Cyclacel Pharmaceuticals Files 8-K with Key Corporate Updates

Ticker: BGMSP · Form: 8-K · Filed: Feb 6, 2025 · CIK: 1130166

Sentiment: neutral

Topics: material-agreement, equity-sale, corporate-action

Related Tickers: CYCC

TL;DR

Cyclacel Pharma dropped an 8-K: material agreement, equity sales, and shareholder votes. Big moves ahead.

AI Summary

On February 4, 2025, Cyclacel Pharmaceuticals, Inc. entered into a material definitive agreement. The company also reported on unregistered sales of equity securities and submitted matters to a vote of security holders. Additional details regarding these events and financial statements are included in the filing.

Why It Matters

This 8-K filing signals significant corporate actions by Cyclacel Pharmaceuticals, including material agreements and equity transactions, which could impact its operational and financial standing.

Risk Assessment

Risk Level: medium — The filing indicates material definitive agreements and unregistered sales of equity, which can introduce financial and operational risks.

Key Players & Entities

FAQ

What specific material definitive agreement did Cyclacel Pharmaceuticals enter into?
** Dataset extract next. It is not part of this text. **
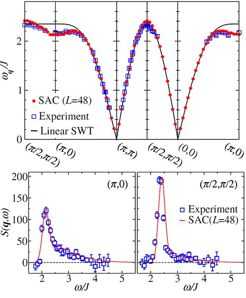 图 2. (上)量子蒙特卡洛+随机解析延拓(QMC+SAC)计算出的磁振子色散关系与Cu(DCOO)2.4D2O 材料中子散射实验结果的对比,吻合近乎完美。同时线性自旋波的计算结果 (Linear SWT),对于反铁磁长程序的描述,在(π, π) 点附近没有问题,但是在 (π, 0) 点附近失效。这是因为自旋波的计算中,无法考虑分数化的自旋子激发。(下)随机解析延拓(QMC+SAC)计算出的能谱与Cu(DCOO)2.4D2O 材料中子散射实验结果的在(π,0) 和 (π/2, π/2) 点的细节对比。可以看到在 (π, 0) 点除了 δ -函数之外,高能连续谱占有相当大的谱权重;而在 (π/2, π/2) 点,谱权重都集中在 δ -函数里。

The filing states that Cyclacel Pharmaceuticals, Inc. entered into a material definitive agreement on February 4, 2025, but the specific details of the agreement are not provided in the excerpt.

What type of equity securities were sold in the unregistered sale?

The filing mentions unregistered sales of equity securities but does not specify the type of securities in the provided excerpt.

What matters were submitted to a vote of security holders?

The filing indicates that matters were submitted to a vote of security holders, but the specific matters are not detailed in this excerpt.

When was the earliest event reported in this 8-K filing?

The earliest event reported in this 8-K filing was on February 4, 2025.

What is Cyclacel Pharmaceuticals' Standard Industrial Classification code?

Cyclacel Pharmaceuticals' Standard Industrial Classification code is 2834, which corresponds to Pharmaceutical Preparations.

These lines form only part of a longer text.